Before we proceed - we need to start by loading some data into the application.

Load data

Once the data is loaded - let us assume we want to leverage GPT to answer our queries - we need to define the OpenAI configurations. Namely, an API key has to be provided and the model of choice to be used. It defaults to gpt-5-mini, which packs more than enough power for the use case. Yet, some other options are provided for choice - more the better! :)

Define OpenAI configuration

Houston, we are ready for lift-off! On a sample dataset (Mock Employee data), we throw a fairly convoluted question:

Which department has the highest ratings, normalized by the tenure of their employees? If someone has not quit, assume current date to calculate tenure.

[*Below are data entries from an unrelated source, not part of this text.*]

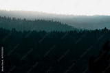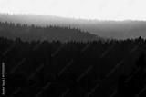 Silhouettes of trees in the fog, a forest area in the distance.
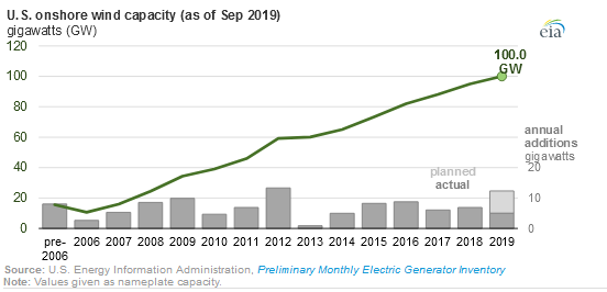 根據(jù)美國能源信息管理局(EIA)數(shù)據(jù),截至2019年9月,美國的陸上風(fēng)電累計裝機(jī)容量已超過100 GW,到2020年底可能達(dá)到122 GW。
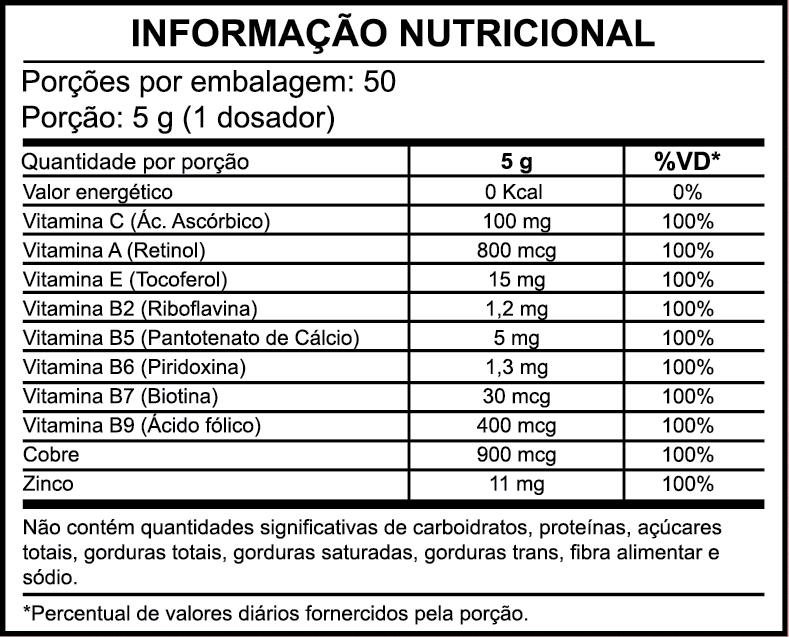 INGREDIENTES: Peptídeos de Colágeno com peso Molecular 2kDa, Colágeno Hidrolisado, Colágeno tipo II, Vitamina C, Vitamina E, Zinco Bisglicinato, Vitamina B5, Vitamina B6, Vitamina B2, Cobre Bisglicina- to, Vitamina A, Vitamina B9, Vitamina B7. Contém Aroma Artificial Frutas Vermelhas, Acidulante Ácido Cítrico, Edulcorante Sucralose. Maltodextrina q.s.p. NÃO CONTÉM GLÚTEN.

On clicking 'Generate SQL', the model retrieves the columnar metadata, and comes back with a working SQL:

Working SQL

And the moment of truth - we get the results back on clicking the 'Transform' button.

Output

There you go - we now have a fully functional elementary SQL-on-Excel engine working!

A Way Ahead

The application has some limitations due to its lightweight nature. Today, the application cannot handle multi-file joins. Further, another big challenge with actual Excel files is incorrect header formatting/non-standardized column spacing. The program assumes that the Excel input is in a regular table format for it to work. Of course, these can be enhanced and added for support in incremental enhancements.

I strongly believe utilities like these should be free- and therefore I have open sourced the code, and steps to execute the same in my GitHub repository. Feel free to contribute to the project if you see a value-add.